Adoptive immunotherapy with virus-specific T lymphocytes can efficiently reconstitute antiviral immunity against cytomegalovirus (CMV), Epstein-Barr virus (EBV), and adenovirus (ADV) without causing acute toxicity or increasing the risk of graft-versus-host disease. To gain insight into antiviral T cell repertoires and to identify the most efficient antigens for immunotherapy, the frequencies of CMV-, EBV- and ADV-specific T cells in 204 HLA-typed healthy donors were assessed using viral peptides and peptide pools. Confirmatory testing for CMV serology by Western blot technique revealed 19 of 143 (13%) false-positive results. We observed highly significant individual and overall differences in T cell frequencies against CMV, EBV, and ADV antigens, whereas antigen-specific T cells were detected in 100% of CMV- seropositive donors, 73% of EBV- seropositive donors, and 73% of ADV-seropositive donors. At least 124 (61%) potential T cell donors were identified for each virus. Among the tested antigens, frequencies for CMVpp65 and EBVBZLF1 peptide pools were highest.
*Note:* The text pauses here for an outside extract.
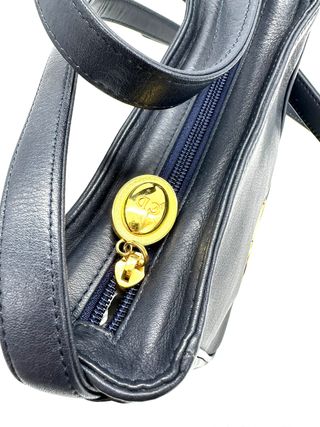 Bolso Dior vintage original en piel azul marino. Modelo bandolera con logo CD dorado en el frontal y cierre de cremallera con tirador también dorado. Un bolso de lujo de segunda mano en excelente estado, sin marcas visibles y con un diseño clásico ideal para uso diario o para coleccionistas de bolsos Dior vintage. Compacto y elegante, mide 17x16x8 cm. Perfecto para llevar lo esencial con estilo y distinción. Autenticidad garantizada. No se aceptan cambios. Barcelona 0571

Short-term in vitro peptide stimulation revealed that a donor response to a certain ADV- and EBV-derived peptide may not be determined without prior stimulation. A modified granzyme B ELISpot was used to detect T cell specificity and alloreactivity. Treatment with allogeneic virus-specific cytotoxic T lymphocytes from seropositive third-party donors may be a feasible therapeutic option for infections following cord-blood stem cell transplantation or hematopoietic stem cell transplantation from virus-seronegative donors.